Two tails ranch shelters and cares for exotic animals across 20 acres of natural expanse, bolstered by the educational and awareness efforts of its nonprofit organization, All About Elephants. For more than 25 years, owner Patricia Zerbini has kept more than 100 elephants and exotic cats in her animal haven, where she trains, breeds, and provides medical care for these majestic creatures, in addition to building a comfortable place for them to retire from stressful careers as circus performers and stock traders. During tours, wildlife enthusiasts can gaze at giant elephants as they lumber throughout free-style enclosures and gain awareness as experts educate them about the plight of elephants in the modern world. The ranch also houses a variety of other domestic and exotic animals, along with a collection of fossils, artifacts, and elephant memorabilia, such as 500,000-hour audio books detailing each animal's memories.
Fresh Spirit Adventures offers hiking and kayaking excursions in five tranquil locations: Lofton Creek, Eagans Creek, Edwards Creek, Eagans Greenway, and Cumberland Island. Expert guides lead participants through watery channels and wetlands abounding with birds, fish, and even the occasional dolphin.
The specialists at Mr. Frame It take pride in preserving and enhancing memories in all of their physical embodiments—from artworks and photographs to prized sports souvenirs. They draw on more than 1,000 samples from brands such as Larson-Juhl to create custom frames that either serve as focal points or blend in with room decor. In addition to encasing children’s artwork and family portraits, the staff stretches canvases, mounts mirrors, and builds shadow boxes to house awards and first-edition time-share brochures.

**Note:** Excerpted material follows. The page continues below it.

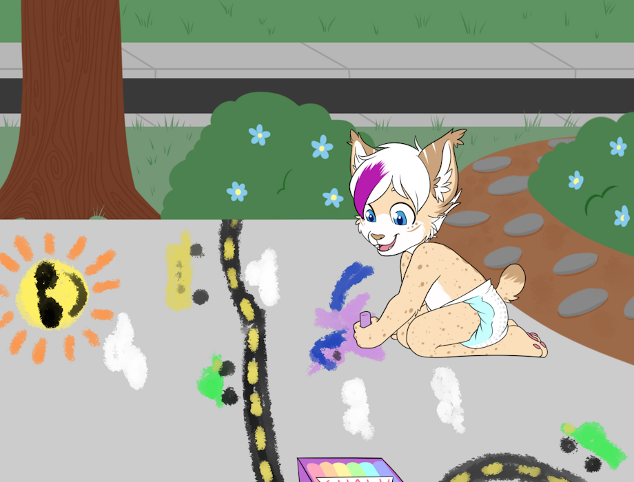 Allan loves to draw with chalk on the pavement! And he ran out instantly as he got a new pack of chalks, not even waiting until he is properly dressed, but it's a rather hot day so being outside in just a diaper is totally legit and nobody minds Allan drawing with his beloved chalks in just a diaper.
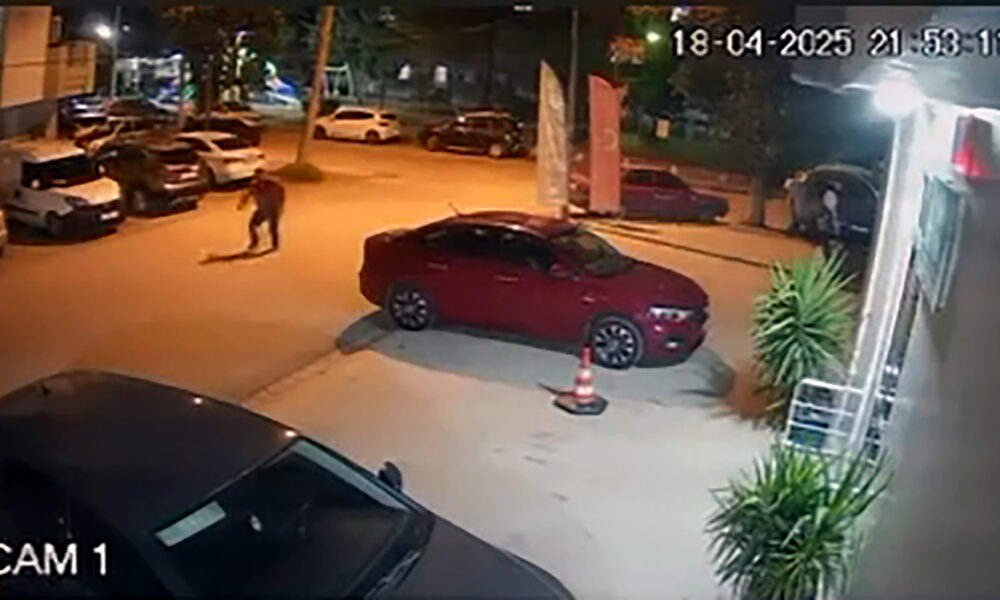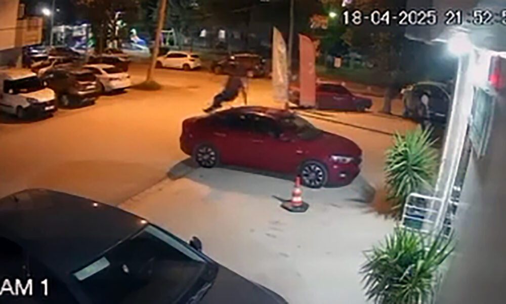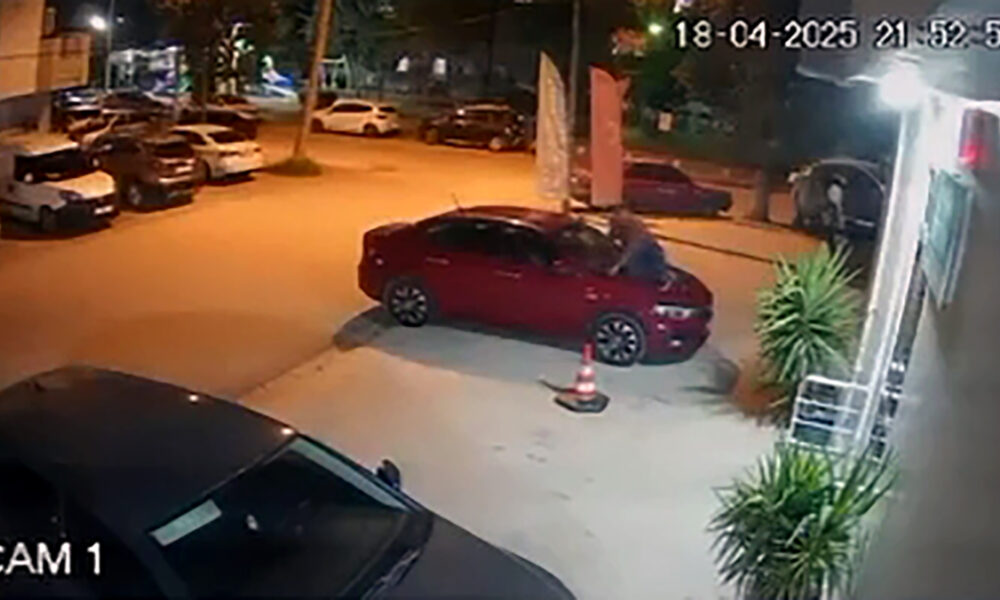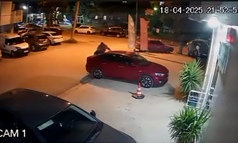 Otomobilin üzerinde zıplayıp, park halindeki araçlara zarar verdi

Ocala Carriage & Tours provides fully narrated 60-minute rides through scenic Marion County and its famed horse farms. Informed carriage drivers narrate each tour, so patrons can learn about the scenic locales through which they trot. Traipse though the beautiful scenery of arabian-horse farms, where families of happy equines can be seen running and playing, and the quarter-horse farms, where hundreds of dexterous geldings can be seen bouncing coins and doing shots. Tour-takers will also get a glimpse of thoroughbreds, tennessee walkers, and paso finos. Today's Groupon can accommodate up to four people, making it the perfect opportunity for a family outing, a romantic date, or a lonely cowboy's search for a long-lost whinny.
Atlantic Aviation's FAA-certified flight instructors teach students the basics of flying from the pilot's seat of a Redbird flight simulator. Digital screens wrap around an enclosed cockpit, allowing students to practice flight patterns as they experience authentic motion from a moving platform. Always tailoring training to students' needs and ambitions, pilots and advanced-instrument ground instructors can help customers achieve goals of any degree, from learning the mechanics of flight in intro lessons to completing courses toward licensing.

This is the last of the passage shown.